Apocalypse has asked for the wisdom of the Perl Monks concerning the following question:

Hello, fellow Monks! I am not a mathematician, so I am sure there's a word for this out there. I want to generate every possible combination of words taken from an array. The array will have words, I want it to be like this: @array = qw( hey foo bar ); Output:
hey
foo
bar
hey foo
hey bar
hey hey
hey foo bar
hey foo hey
hey foo foo
And so on... I would love the ability to control the number of repetitions allowed in the output, and haven't been able to find any module to do so. Data::Random does a nice job of randomly selecting random numbers of elements, but I want a linear way of generating them - It is for a test suite for a program I'm writing right now. Any help would be greatly appreciated!

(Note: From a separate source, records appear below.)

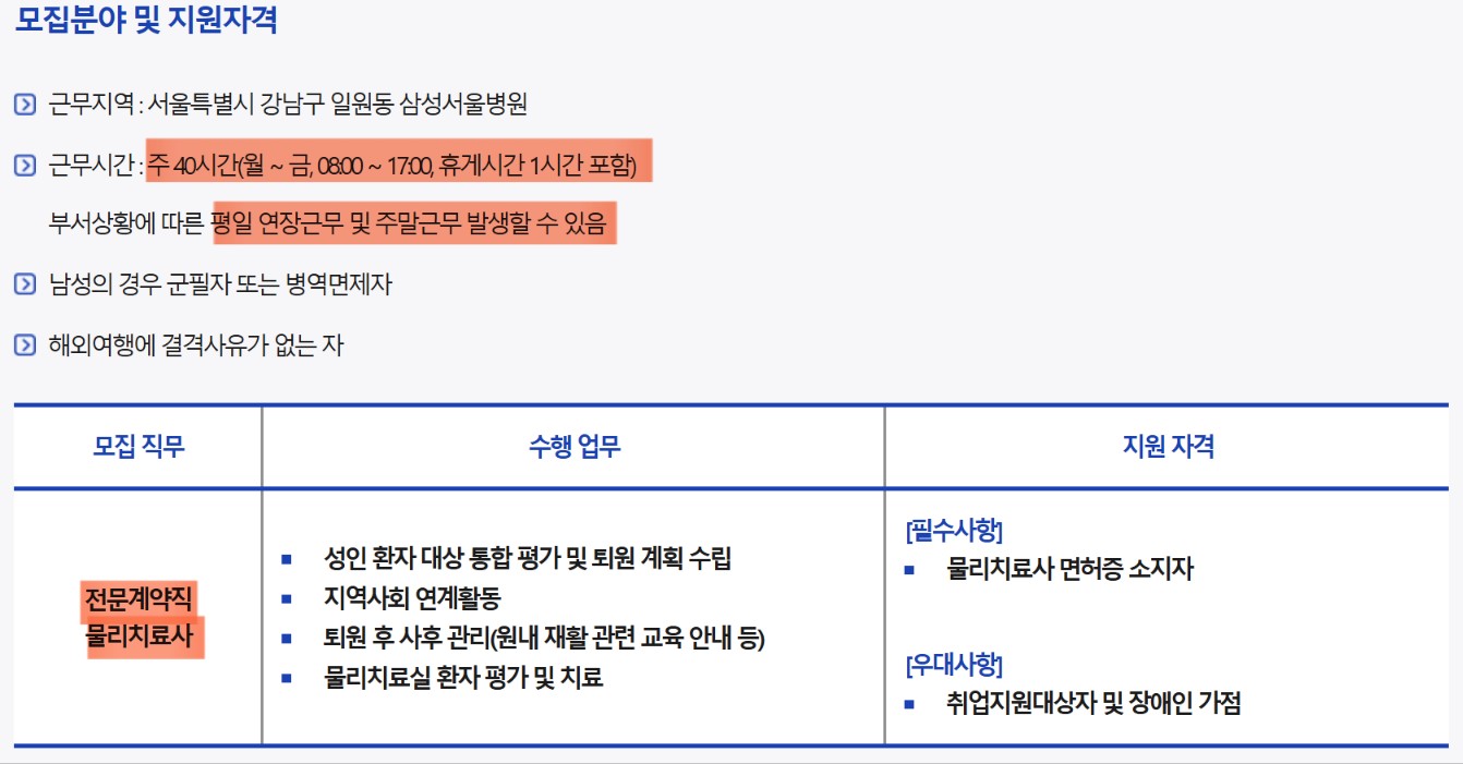 [삼성서울병원] 물리치료실 물리치료사 경력직 채용_치료용 로봇물리치료기기, 착용형 로봇물리치료기기 보유 (~8/17) |
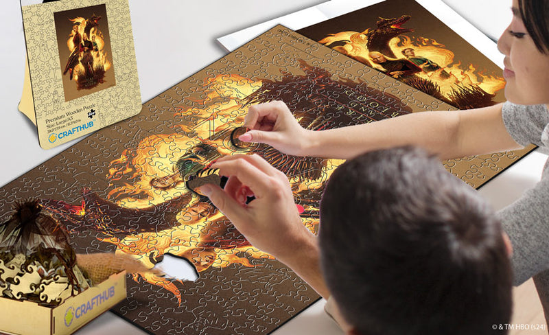 Ta seria puzzli, zawierająca oryginalną grafikę pochodzącą bezpośrednio z filmowego źródła epickiej sagi, celebruje połączenie autentycznych ilustracji z "Rodu smoka" z najlepszym kunsztem tworzenia puzzli.
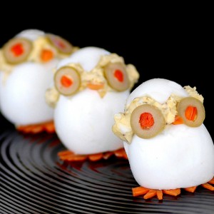 En primer lugar, cortamos las aceitunas en rodajas: cada una de ellas será un ojo. Las colocamos presionando suavemente contra el relleno. Para los pies, cortamos una rodaja fina de zanahoria y cortamos los deditos con un cuchillo. El pico podemos hacerlo con un poquito de pimiento rojo o con un trocito de zanahoria.
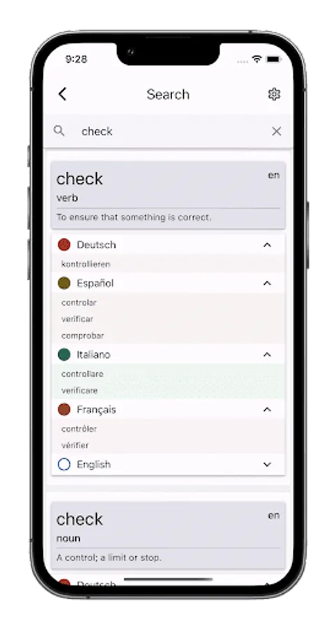 Polydict is a translation and reference dictionary for those who speak or are learning multiple languages. Search for a word in any of the languages you speak, and immediately see translations, hear pronunciations, read definitions, and explore usage-data in other languages.
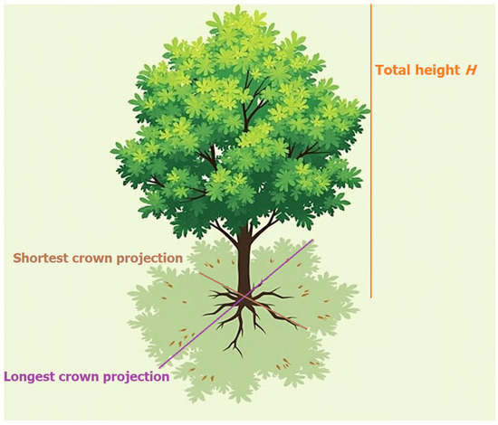 The trees were randomly selected from tree lines along roads (on pavements). Each selected tree had to satisfy certain conditions to be incorporated into the sample [9]. The tree had to be healthy and robust, without a deformed crown. Its crown had to grow freely, without any restrictions (buildings or other infrastructure, the crown of another tree, etc.). If the crown of the tree was in the vicinity of an obstacle, it would not be deformed, and its branches would not alter their direction because of the obstacle. Additionally, the tree had to have not experienced recent pruning, any injuries (human made or not), or any insect infestations. In each selected tree, the minimum and maximum crown diameter were measured by projecting the shortest and longest measurements along one axis, from the crown’s center to its edges, and their average was considered the tree crown diameter (crown width) [35]. Moreover, the total height of the tree was measured using the Blume-Leiss instrument (Haglöf Sweden AB, Långsele, Sweden). The measurements of individual trees are visualized in Figure 3.
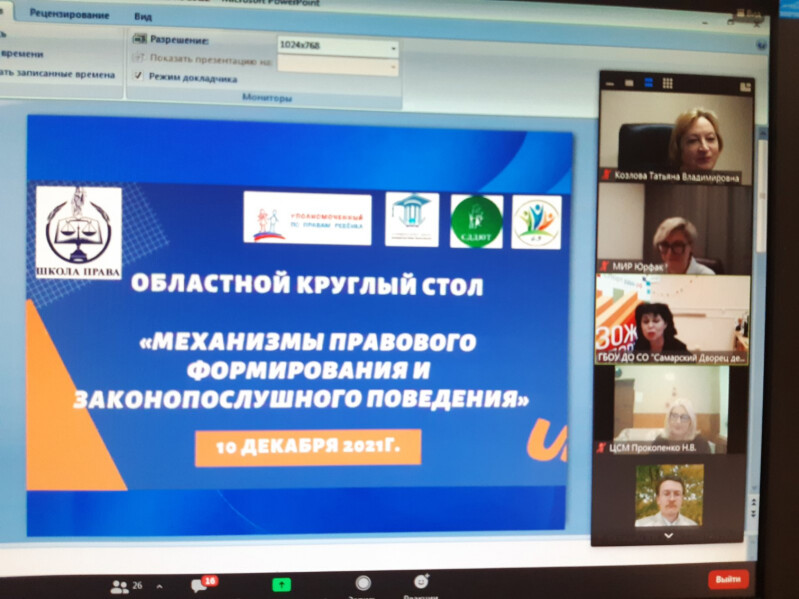 10 декабря 2021 года во Всемирный день прав человека Уполномоченный по правам ребенка в Самарской области Т.В. Козлова в режиме ВСК приняла участие в правовом круглом столе с педагогами школ, где обсуждались механизмы организации работы по правовому просвещению, формированию правовой культуры и законопослушного поведения несовершеннолетних. Уполномоченный по правам ребенка рассказала о таких технологиях организации правового просвещения, реализующихся в Самарской области, как «Декада правовых знаний», «Детский парламентский час», ежеквартальные видеоконференции «Имею право знать», «Детский общественный совет при Уполномоченном по правам ребенка», «Областная школа права» и др.
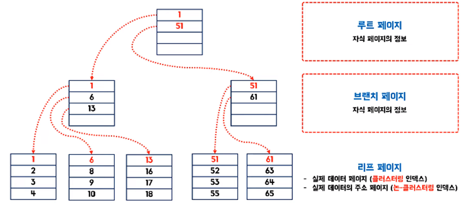 - 리프 페이지에 실제 데이터 페이지 주소를 담고 있다.
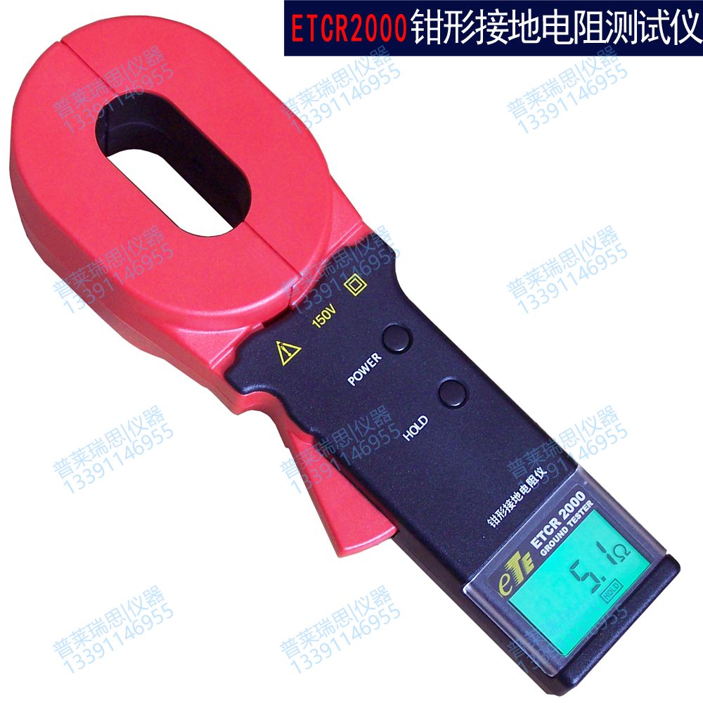 ETCR2000钳形接地电阻仪用于电力、电信、气象以及其它设备的接地电阻测量。电阻仪有长钳口及圆钳口之分,长钳口特别适用于扁钢接地线的场合。传统的接地电阻测量方法是采用电压—

Replies are listed 'Best First'.
Re: Generating sequence of words
by PodMaster (Abbot) on Aug 13, 2003 at 08:04 UTC
      Those are a helpful start for a search, but he did say combinations, not permutations. The string "foo foo foo" is a valid combination but would not be a valid permutation of qw(hey foo bar).

      --
      [ e d @ h a l l e y . c c ]

Re: Generating sequence of words
by cchampion (Curate) on Aug 13, 2003 at 10:11 UTC
      ++ cchampion!
      Thanks for the helpful nodes, and everyone, now that I know the word is "permutation", I can super search for it and come up with more nodes. Thanks again!
        After some research, I have decided that the word "permutation" is not what I wanted, and halley's comment about my looking for "combinations" is correct.
        This node: http://www.perlmonks.org/index.pl?node_id=128286
        Does everything I want, thanks again tye!
Re: Generating sequence of words
by sgifford (Prior) on Aug 13, 2003 at 07:11 UTC
    Here's one way:
    #!/usr/bin/perl -w use strict; use vars qw(@array); @array = qw( hey foo bar ); combinations(scalar(@array), [], \@array); sub combinations { my($count,$sofar,$remaining)=@_; if (!$count) { print join(" ",@$sofar),"\n"; return; } combinations($count-1,[@$sofar],[@$remaining]); foreach my $r (@$remaining) { combinations($count-1,[@$sofar, $r], [@$remaining]); } }

    It's a recursive technique that selects all possibilities for each position in the output array, including leaving it empty. Each call to combinations iterates through all possible values for the current position, then calls itself to determine what can go in the subsequent positions.

    A possible bug is that it outputs all of ('foo','',''), ('','foo',''), and ('','','foo'), even though all are the single word 'foo'. If that's a problem, you can store the combinations into an array then filter out duplicates.